§ **Task to carry out**: Reproduce the full listing as it stands. Images do not belong in the copy.

§ **Supplied material**:
******************************
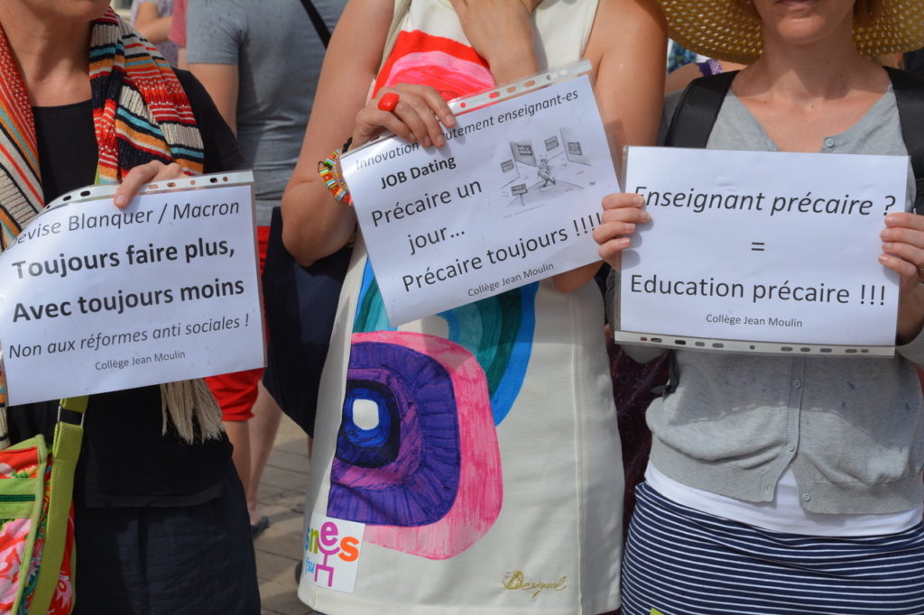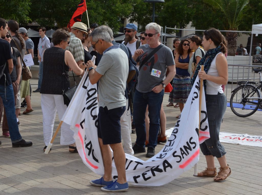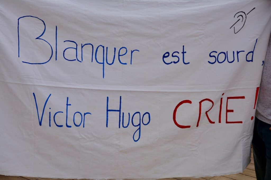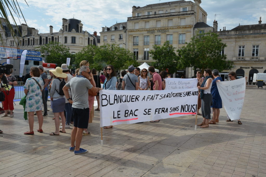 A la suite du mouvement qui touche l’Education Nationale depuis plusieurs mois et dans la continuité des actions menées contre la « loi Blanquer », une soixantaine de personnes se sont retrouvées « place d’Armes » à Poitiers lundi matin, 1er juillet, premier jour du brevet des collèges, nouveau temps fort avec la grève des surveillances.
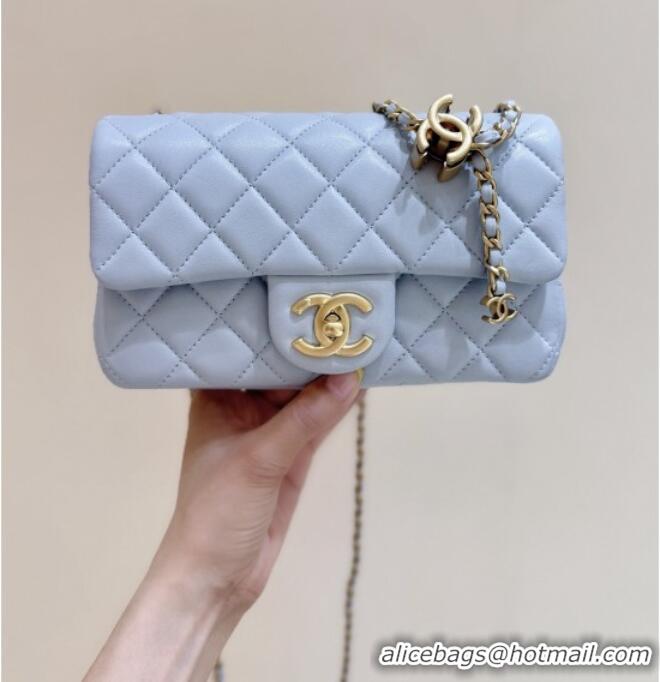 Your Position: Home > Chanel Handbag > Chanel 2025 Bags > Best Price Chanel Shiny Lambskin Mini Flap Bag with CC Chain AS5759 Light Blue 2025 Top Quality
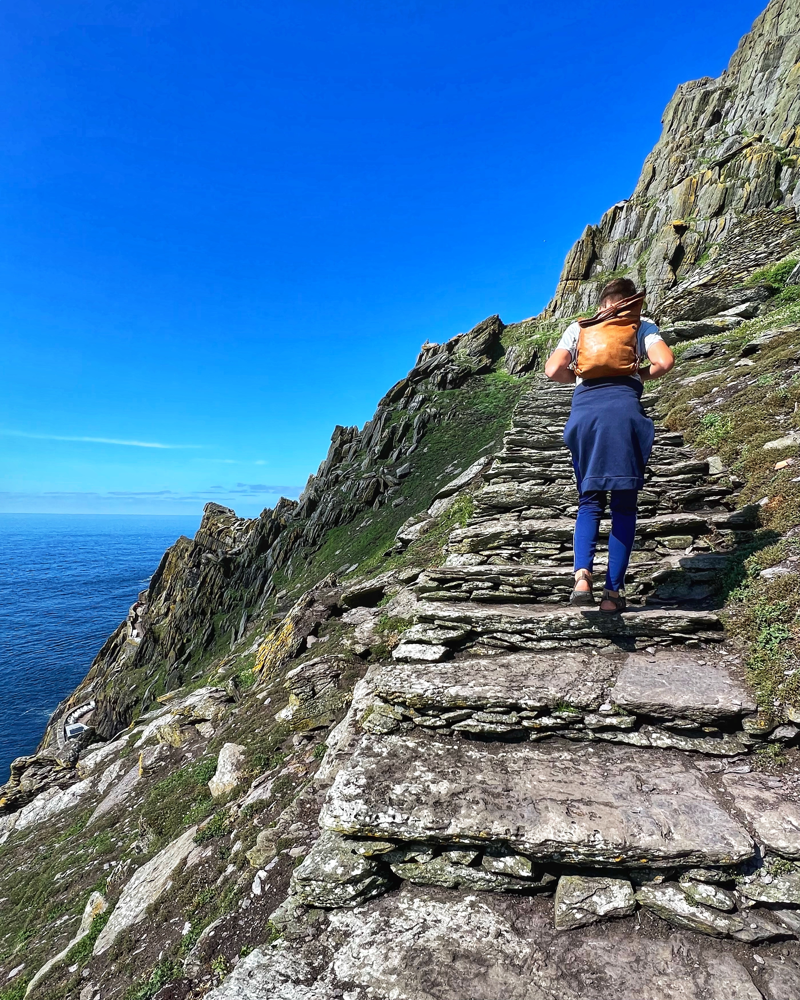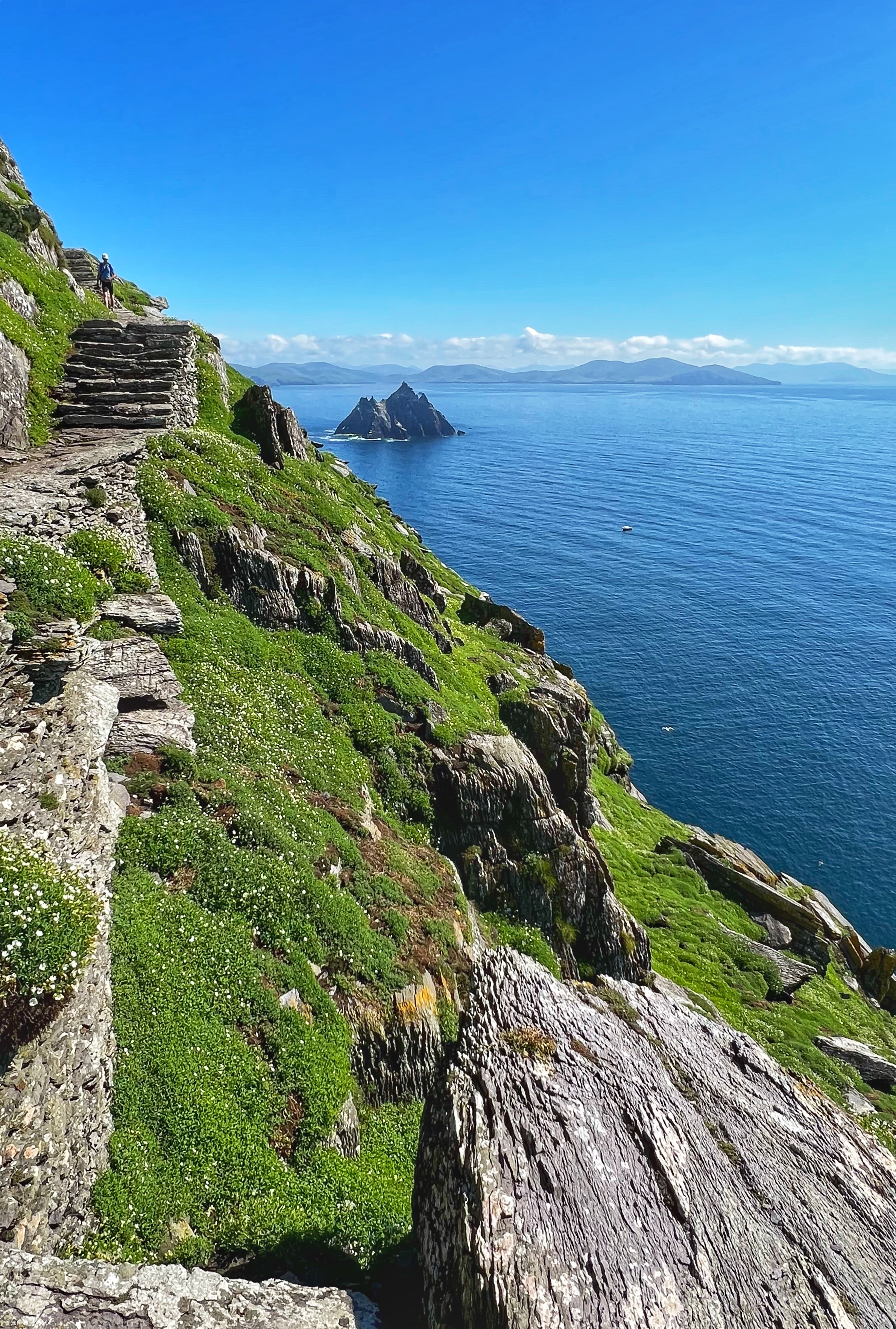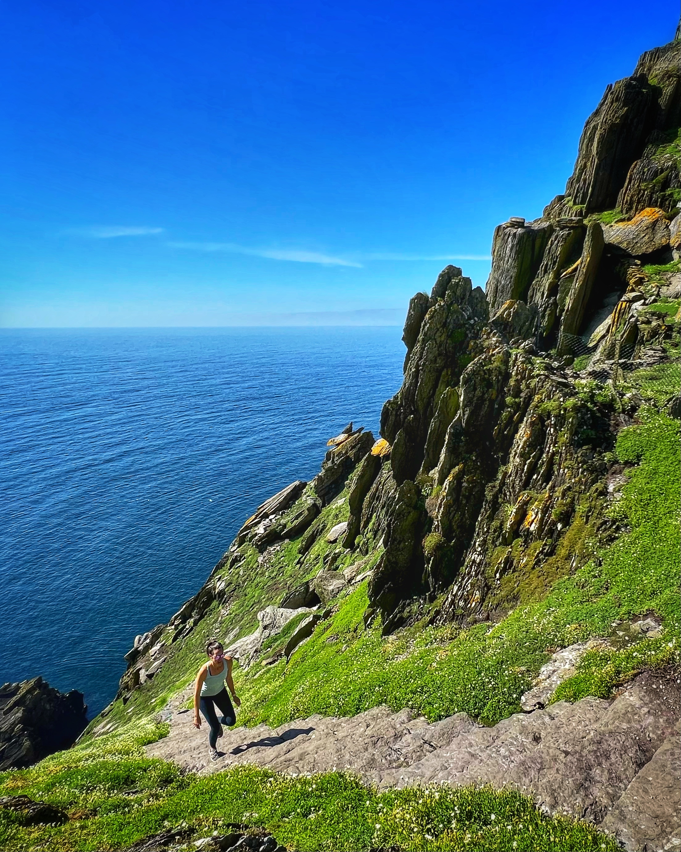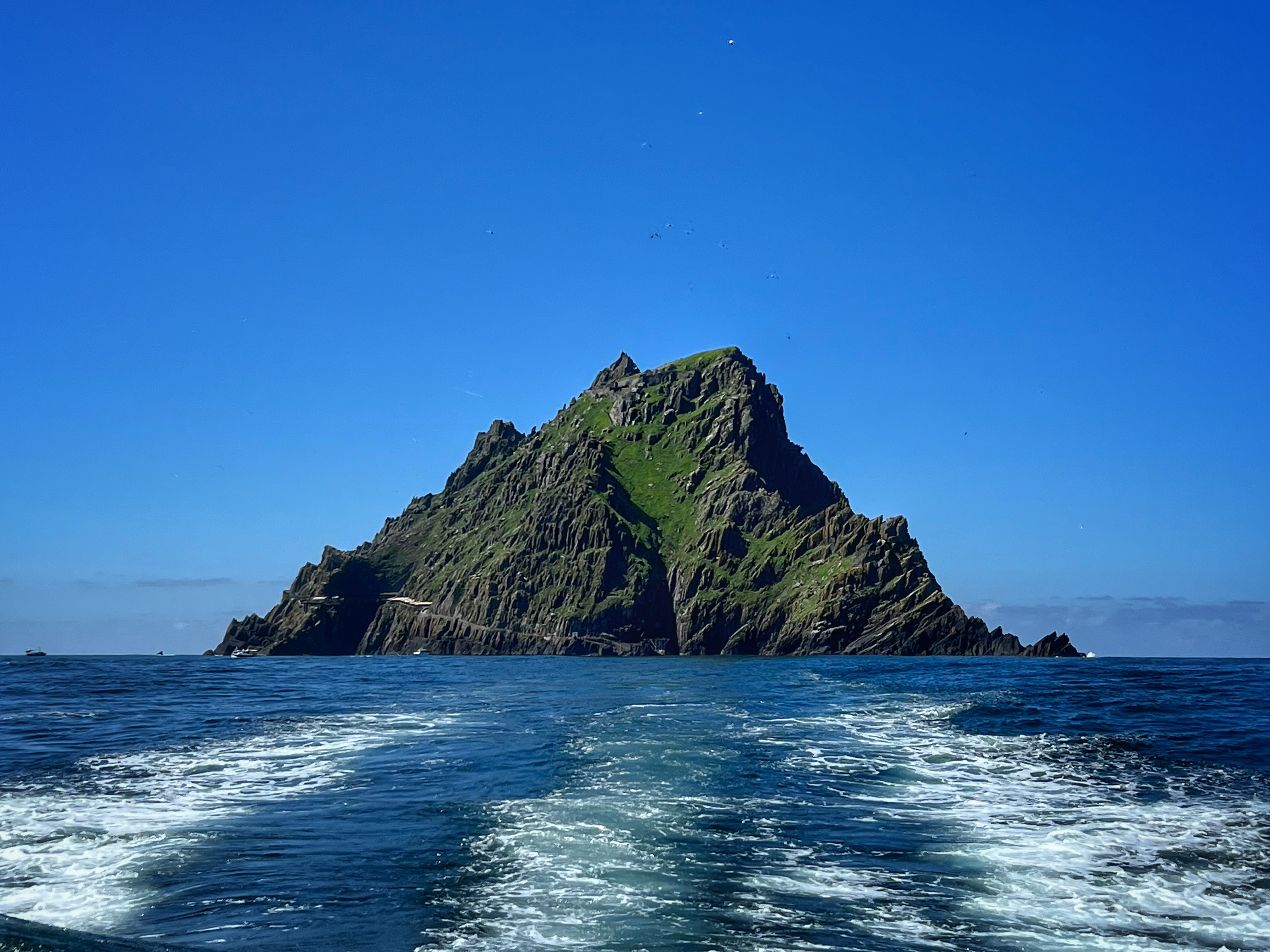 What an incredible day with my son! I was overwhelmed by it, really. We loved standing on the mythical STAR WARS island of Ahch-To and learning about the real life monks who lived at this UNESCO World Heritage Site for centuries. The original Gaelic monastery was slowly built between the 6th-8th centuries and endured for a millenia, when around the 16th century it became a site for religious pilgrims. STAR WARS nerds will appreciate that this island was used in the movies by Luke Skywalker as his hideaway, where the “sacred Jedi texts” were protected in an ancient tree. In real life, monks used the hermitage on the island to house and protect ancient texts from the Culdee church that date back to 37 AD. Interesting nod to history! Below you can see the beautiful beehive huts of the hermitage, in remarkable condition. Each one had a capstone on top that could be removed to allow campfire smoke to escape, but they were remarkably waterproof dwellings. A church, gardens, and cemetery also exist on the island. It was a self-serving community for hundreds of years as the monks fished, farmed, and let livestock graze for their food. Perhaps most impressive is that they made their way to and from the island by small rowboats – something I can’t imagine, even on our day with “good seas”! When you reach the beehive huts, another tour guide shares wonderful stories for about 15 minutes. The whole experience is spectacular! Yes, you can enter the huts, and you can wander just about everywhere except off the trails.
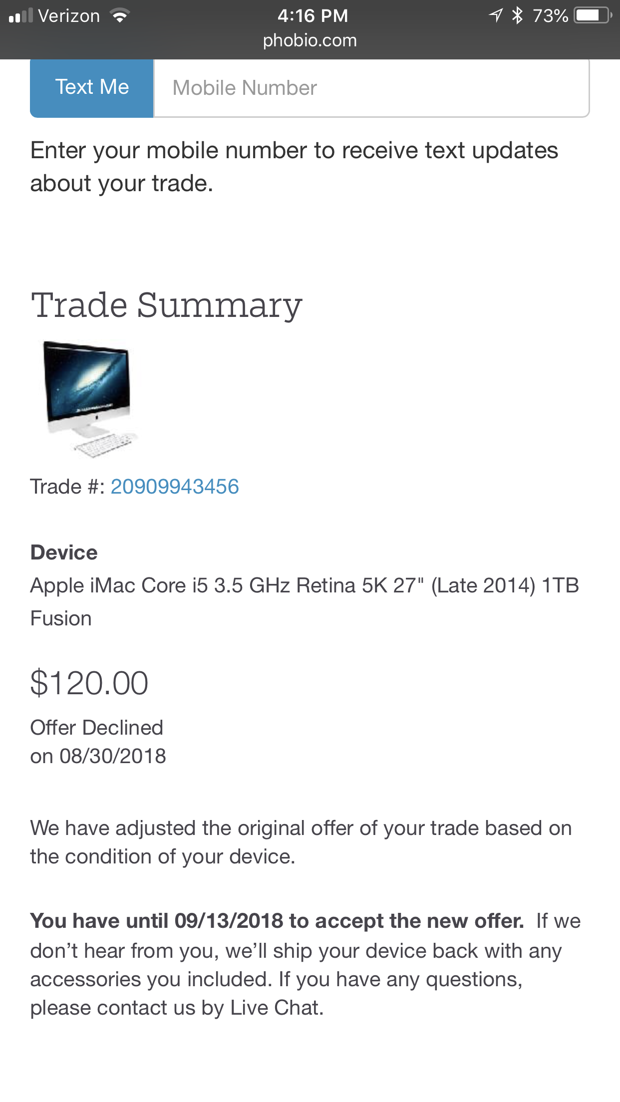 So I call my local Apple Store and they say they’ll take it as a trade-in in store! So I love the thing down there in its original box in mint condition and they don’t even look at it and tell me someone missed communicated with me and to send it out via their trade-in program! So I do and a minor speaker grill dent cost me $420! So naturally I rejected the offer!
******************************
§ **Result**:
 A la suite du mouvement qui touche l’Education Nationale depuis plusieurs mois et dans la continuité des actions menées contre la « loi Blanquer », une soixantaine de personnes se sont retrouvées « place d’Armes » à Poitiers lundi matin, 1er juillet, premier jour du brevet des collèges, nouveau temps fort avec la grève des surveillances.
 Your Position: Home > Chanel Handbag > Chanel 2025 Bags > Best Price Chanel Shiny Lambskin Mini Flap Bag with CC Chain AS5759 Light Blue 2025 Top Quality
 What an incredible day with my son! I was overwhelmed by it, really. We loved standing on the mythical STAR WARS island of Ahch-To and learning about the real life monks who lived at this UNESCO World Heritage Site for centuries. The original Gaelic monastery was slowly built between the 6th-8th centuries and endured for a millenia, when around the 16th century it became a site for religious pilgrims. STAR WARS nerds will appreciate that this island was used in the movies by Luke Skywalker as his hideaway, where the “sacred Jedi texts” were protected in an ancient tree. In real life, monks used the hermitage on the island to house and protect ancient texts from the Culdee church that date back to 37 AD. Interesting nod to history! Below you can see the beautiful beehive huts of the hermitage, in remarkable condition. Each one had a capstone on top that could be removed to allow campfire smoke to escape, but they were remarkably waterproof dwellings. A church, gardens, and cemetery also exist on the island. It was a self-serving community for hundreds of years as the monks fished, farmed, and let livestock graze for their food. Perhaps most impressive is that they made their way to and from the island by small rowboats – something I can’t imagine, even on our day with “good seas”! When you reach the beehive huts, another tour guide shares wonderful stories for about 15 minutes. The whole experience is spectacular! Yes, you can enter the huts, and you can wander just about everywhere except off the trails.
 So I call my local Apple Store and they say they’ll take it as a trade-in in store! So I love the thing down there in its original box in mint condition and they don’t even look at it and tell me someone missed communicated with me and to send it out via their trade-in program! So I do and a minor speaker grill dent cost me $420! So naturally I rejected the offer!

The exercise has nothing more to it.